The Kriskova women checking out Noemi's Christmas gift from her boyfriend:
Isn't Grandma Kriskova (or as they call her, babushka) just too cute?
Tomas sharing some wisdom with me, Jakub, and Noemi:
Gimme those tasty Christmas treats!!
Jakub is amazing on the piano. One of my highs that night was just sitting there in a food induced coma listening to him play.
Ester and I. You have no idea how hospitable this woman is.

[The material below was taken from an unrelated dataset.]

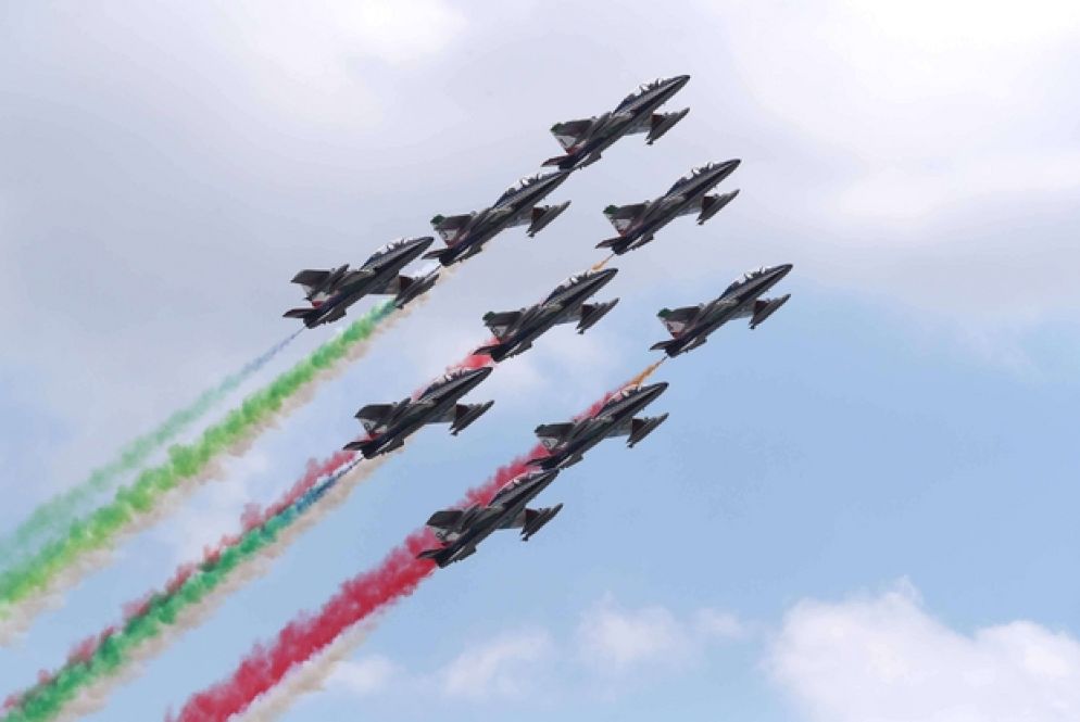 In mattinata, dopo la passerella sul corso della città, i leader hanno poi potuto ammirare le frecce tricolore in azione nei cieli di Taormina.

That night I stayed at their home, intending to go to church with them the next morning. Unfortunately I woke up with a nasty cold and was instructed to take some meds and get back in bed. When I woke up a few hours later, a full spread of breakfast was prepared and waiting for me right beside my bed. It included orange juice, hot tea, a freshly peeled orange, and a stack of blueberry pancakes - which don't really exist here in SK. The night before Ester had been asking me if we had any special breakfast on Christmas day, and I told her that sometimes we had pancakes, and just mentioned that my mom made some mean blueberry pancakes. That Ester is sneaky! And I don't know how she made that happen - I'm telling you, you can't find pancake mix over here - but the whole thing was truly one of the kindest things anyone has ever done for me. So, although far from home this Christmas, God certainly made sure that I felt very loved. And I did.